**Supplied records:**
Segment Open

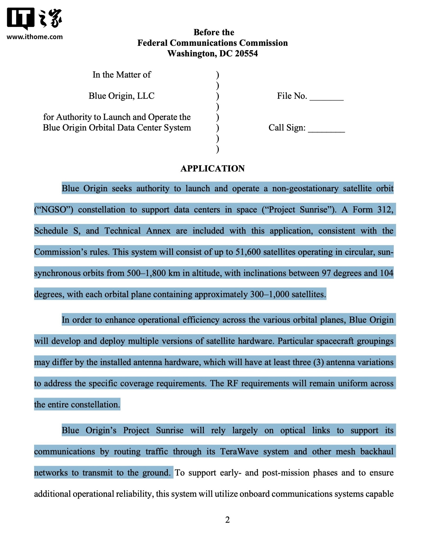 感谢IT之家网友 咩咩洋 的线索投递! IT之家 3 月 20 日消息,华尔街日报昨日(3 月 19 日)发布博文,报道称杰夫 · 贝索斯旗下的太空探索企业蓝色起源(Blue Origin)官宣进军太空 AI 基础设施领域。报道称蓝色起源已于 3 月 19 日向美国联邦通信委员会(FCC)提交了官方申请文件,寻求监管部门批准其庞大的卫星网络部署计划,计划在地球轨道上部署总计近 52000 颗具备高
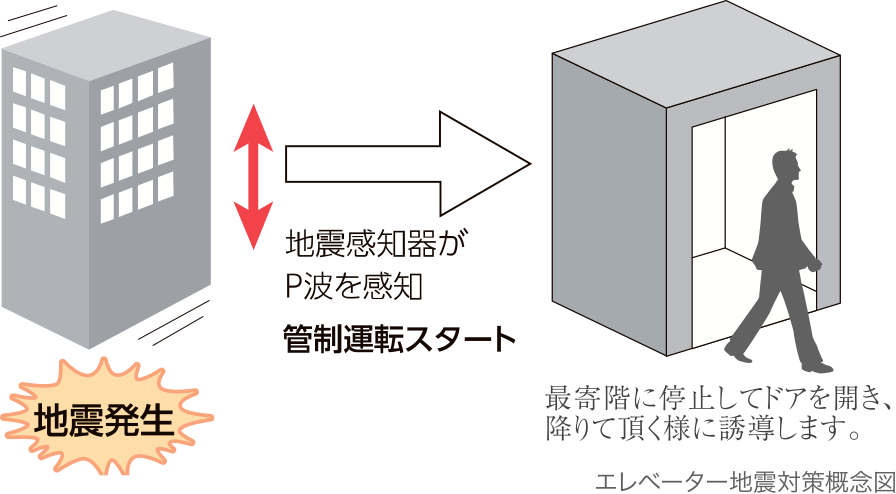 地震には初期微動(P波)のあと、強い揺れを起こす本震(S波)がやってきます。地震?停電対策機能付きエレベーターは、初期微動(P波)を感知した時點で最寄り階に停止し、扉が開きます。
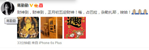蒋勤勤发文称:“财神到,财神到,正月初五迎财神!嗡,占巴拉,杂勒扎耶,唆哈!”李静分享财神图片,并称:“初五接財神,顺风又顺水”。林心如也写道:“接财神,迎喜气,祝福大家如心如意如春风。”
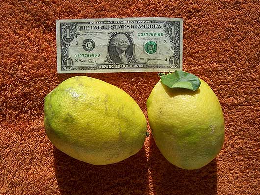 Unfortunately, the pomelos were still green, so we couldn't have any. But they did give me some of their giant lemons to bring home. Just look how BIG they are:
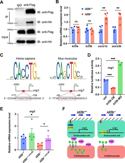 Id2b interacts with Tcf3b to restrict its inhibition on nrg1 expression. (A) Immunoprecipitation (IP) assays of Flag-id2b and HA-tcf3b co-transfected 293T cells. (B) Quantitative real-time PCR (qRT-PCR) analysis of tcf3a, tcf3b, socs1a, and socs3b mRNA in 120 hr post-fertilization (hpf) id2b+/+ and id2b-/- embryonic hearts. Data were normalized to the expression of actb1. N=4 biological replicates, with each sample containing 500–1000 embryonic hearts. (C) Two potential Tcf3b-binding sites, with sequences corresponding to the human TCF3 (left) and mouse Tcf3 (right) binding motifs, were predicted in the 2000 bp DNA sequence upstream of the zebrafish nrg1 transcription start site using JASPAR. (D) Luciferase assay showing the expression of nrg1 in embryos with tcf3b overexpression (tcf3b OE) and morpholino-mediated tcf3b knockdown (tcf3b MO). N=3 biological replicates. (E) qRT-PCR analysis of nrg1 mRNA in 72 hpf id2b+/+ and id2b-/- embryonic hearts injected with control and tcf3b morpholino. Data were normalized to the expression of actb1. N=4 biological replicates, with each sample containing 100–200 embryonic hearts. (F) Schematic model for id2b-mediated regulation of myocardium function. During heart development, blood flow operates through primary cilia, initiating endocardial id2b expression. Subsequently, the interaction between Id2b and Tcf3b restricts the activity of Tcf3b, ensuring proper nrg1 expression, which in turn promotes L-type calcium channel (LTCC) expression (left). However, in the absence of Id2b, Tcf3b inhibits nrg1 expression. The reduced Nrg1 hinders LTCC expression in cardiomyocytes, resulting in decreased extracellular calcium entry and disruption of myocardial function. Data are presented as mean ± s.e.m. p-values were calculated by unpaired two-tailed Student’s t-tests. *p<0.05, **p<0.01, ***p<0.001. ns, not significant. |
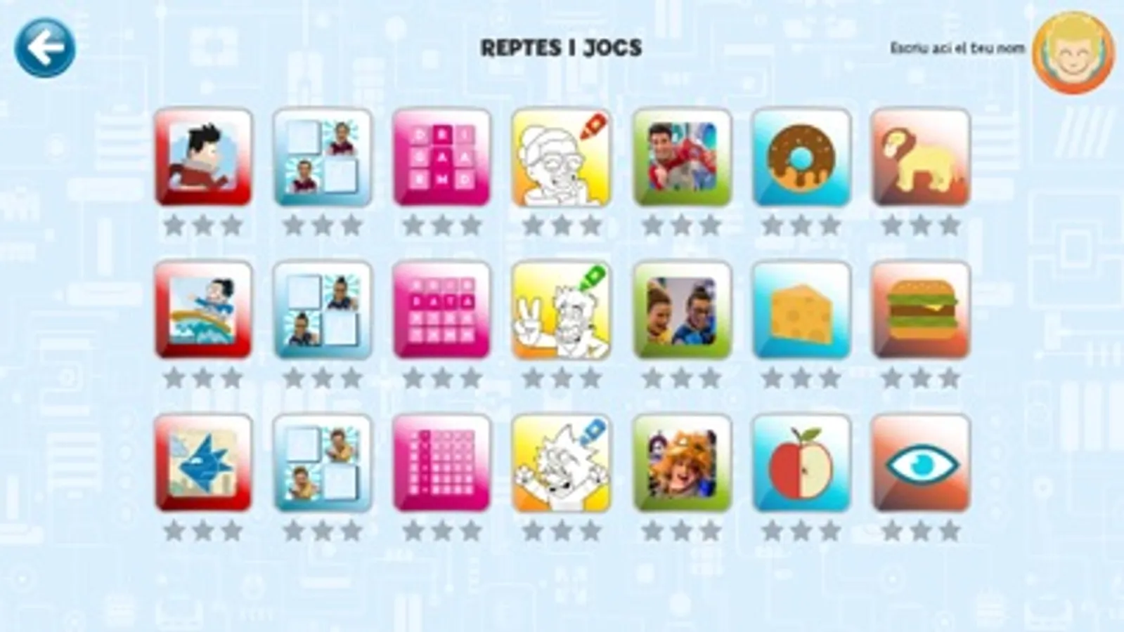 Els jocs educatius són vint-i-un reptes distribuïts en tres nivells de dificultat, amb jocs de selecció, arrossegament i creativitat com ara jocs de memòria, puzles, diferències, sopes de lletres...
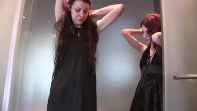Petite teen taking a sexy shower together and touch each others pussy and little tits, what an amazing duo!

Segment Closed

**Exercise directions:**
Reproduce the listing above exactly from the line containing "地震には初期微動(P波)のあ" up to and including the line containing "Unfortunately, the pomelos", omitting any images and everything outside those lines.

**Task output:**
 地震には初期微動(P波)のあと、強い揺れを起こす本震(S波)がやってきます。地震?停電対策機能付きエレベーターは、初期微動(P波)を感知した時點で最寄り階に停止し、扉が開きます。
蒋勤勤发文称:“财神到,财神到,正月初五迎财神!嗡,占巴拉,杂勒扎耶,唆哈!”李静分享财神图片,并称:“初五接財神,顺风又顺水”。林心如也写道:“接财神,迎喜气,祝福大家如心如意如春风。”
 Unfortunately, the pomelos were still green, so we couldn't have any. But they did give me some of their giant lemons to bring home. Just look how BIG they are:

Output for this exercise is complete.